The present invention relates to the structure of transistor cells for semicustom chips.
The semicustom method of designing and fabricating integrated circuits uses prefabricated semiconductor wafers which have completed circuits except for the final process step of device or component interconnection. A cost savings is realized by adapting a standard wafer, which has already been designed and manufactured, to a particular customer's needs by simply designing appropriate metal interconnections. Thus, for each customer, a metal mask is designed which connects the necessary active and passive semiconductor components to form the circuit configuration required by the customer. This method of design and fabrication allows development of a custom circuit in less time and at lower cost than if the entire wafer had to be independently designed for each customer.
A limitation in semicustom design is that the polarity and number of transistors is fixed in the prefabricated wafer and cannot be changed at the metal mask level. Thus, for instance, if the standard wafer has more NPN transistors than a particular customer needs in a circuit, these transistors will be unused and waste valuable space on the wafer. In addition, the routing of the metal interconnections may be difficult and inefficient because a PNP transistor is located at a position where the customer's circuit would ideally require an NPN transistor, or vice versa. The usefulness of a prefabricated wafer is thus limited to circuits which require the approximate number, polarity and location of transistors which are on the standard wafer.

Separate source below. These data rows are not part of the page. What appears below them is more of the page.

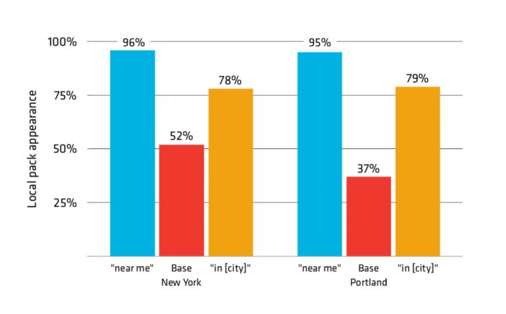 In August 2017, a Think With Google piece stated that local searches without “near me” had grown by 150 percent and that searchers were beginning to drop other geo-modifiers — like zip codes and neighborhoods — from their local queries as well.
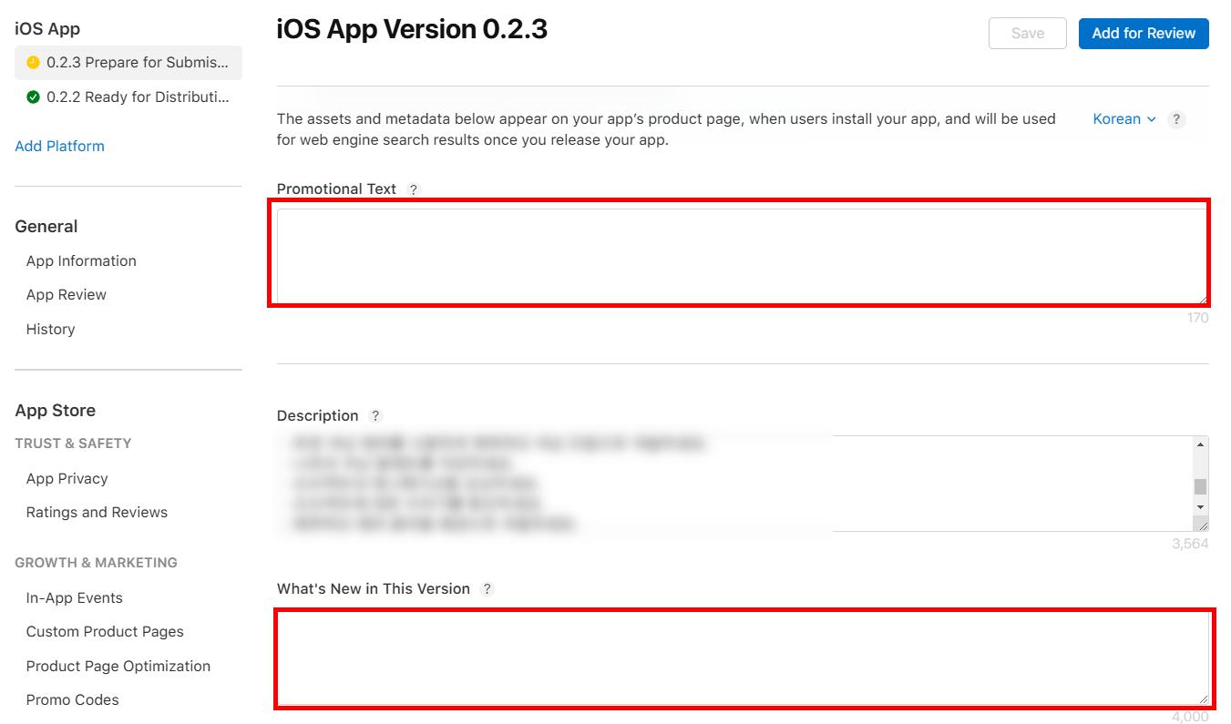 | App Store Connect에서 iOS 앱 배포 - 지역화(Localization) 언어 추가하기(앱 이름, 부제, 홍보 문구, 설명, 키워드등) (0) | 2025.02.24 |
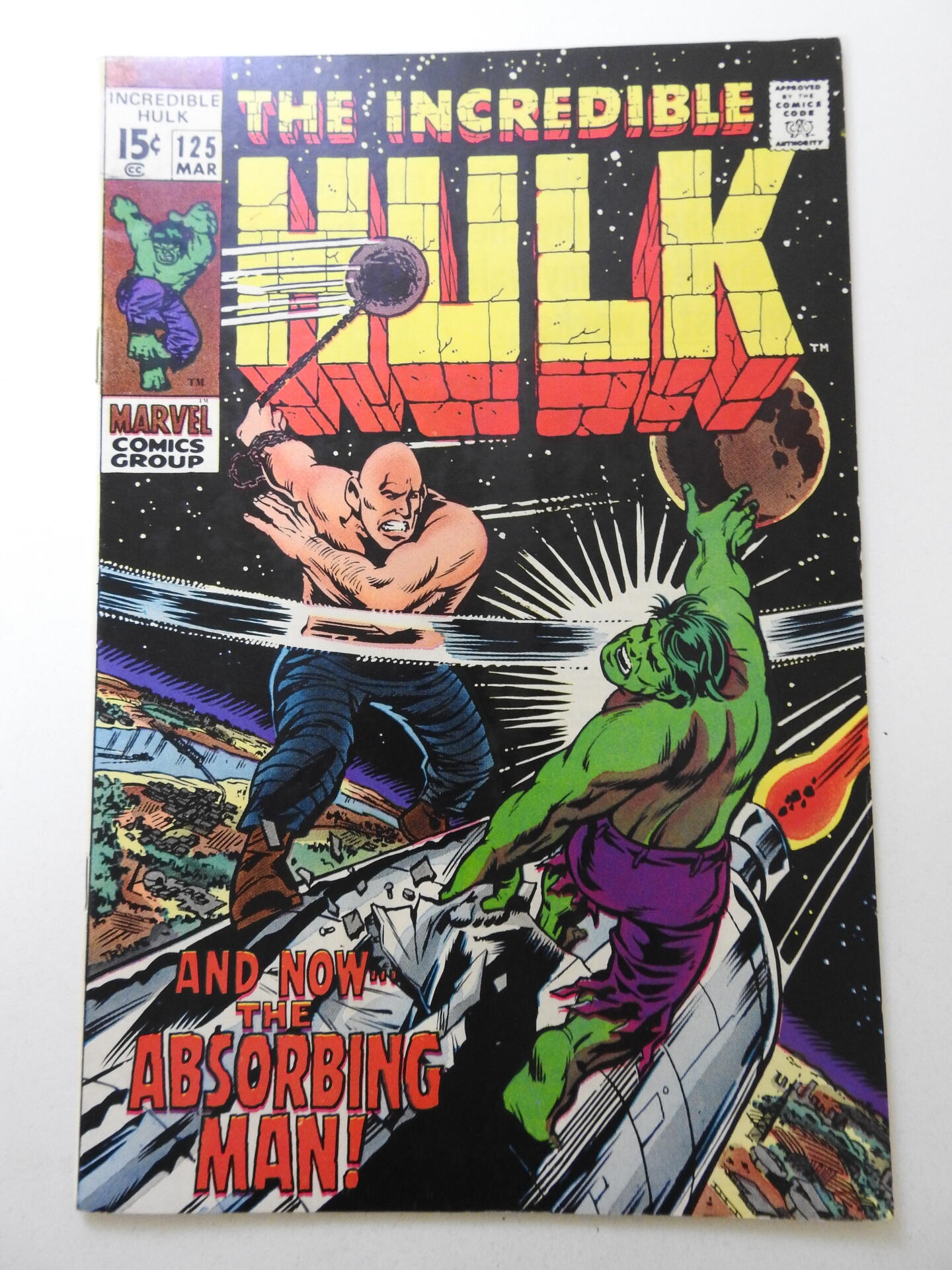 The Incredible Hulk #125 (1970) vs The Absorbing Man! Beautiful VF Condition!
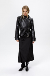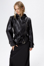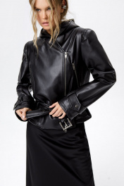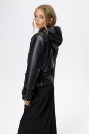 Куртка из экокожи с капюшоном и акцентными плечами.

The devices on a standard wafer are formed in a number of cells which contain one or more devices which form the building blocks of a customer's circuit. An example of a typical known cell 10 having a single PNP transistor is shown in FIG. 1. A P-doped isolation well 12 in an epitaxial (EPI) layer 14 defines a border for the cell and isolates it from other devices. A central P- doped region 16 forms the emitter of the transistor with a pair of L shaped P-doped regions 18 forming the collector of the transistor and an N-doped region 20 forming the base of the transistor. This design may vary, but in general base 20 is off to a side while the central emitter 16 is partially surrounded by the collector 18.
FIG. 2 shows an example of a typical known cell 22 for an NPN transistor. A P-doped isolation region 24 in an epitaxial region 26 surrounds cell 22. An N-doped region 28 forms the collector of the transistor and a P-doped region 30 forms the base of the transistor. An N-doped region 32 within P-doped base region 30 forms the emitter of the transistor.

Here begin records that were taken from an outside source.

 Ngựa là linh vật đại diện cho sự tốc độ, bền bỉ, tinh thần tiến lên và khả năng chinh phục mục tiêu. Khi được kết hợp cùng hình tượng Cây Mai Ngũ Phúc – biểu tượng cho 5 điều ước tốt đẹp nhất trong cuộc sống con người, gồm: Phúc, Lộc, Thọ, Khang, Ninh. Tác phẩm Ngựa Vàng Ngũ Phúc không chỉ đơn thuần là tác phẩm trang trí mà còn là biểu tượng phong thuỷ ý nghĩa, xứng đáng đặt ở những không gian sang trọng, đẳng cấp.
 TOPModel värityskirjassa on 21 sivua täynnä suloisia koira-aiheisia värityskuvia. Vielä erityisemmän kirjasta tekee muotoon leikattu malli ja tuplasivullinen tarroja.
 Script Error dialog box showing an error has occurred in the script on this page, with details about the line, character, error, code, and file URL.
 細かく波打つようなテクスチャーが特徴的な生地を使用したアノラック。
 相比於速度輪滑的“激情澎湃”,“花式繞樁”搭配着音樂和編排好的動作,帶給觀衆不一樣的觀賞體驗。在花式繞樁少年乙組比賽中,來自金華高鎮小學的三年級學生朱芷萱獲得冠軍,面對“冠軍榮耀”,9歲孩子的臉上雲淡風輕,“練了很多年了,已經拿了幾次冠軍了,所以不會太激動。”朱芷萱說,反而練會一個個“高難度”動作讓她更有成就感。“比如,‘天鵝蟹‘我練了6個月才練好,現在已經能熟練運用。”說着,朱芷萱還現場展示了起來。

In a semicustom chip, the PNP and NPN transistors of FIGS. 1 and 2 may both be on the same semiconductor wafer, with one or the other being connected as required by the customer's circuit. If there are more of either the PNP or the NPN transistors on the chip than are required by the customer's circuit, the space taken up by all such transistors will be wasted. Some savings of space may be achieved by combining several transistors in a single cell, usually two PNP or two NPN transistors in a cell or, less often, a PNP and an NPN transistor in a single cell. Although the spacing in between cells is thus reduced, the size of the cell is increased by the size of the additional transistors added.
There is thus a need in semicustom chip design for a transistor cell which contains both NPN and PNP transistors but which does not take up the area of two separate NPN and PNP transistors.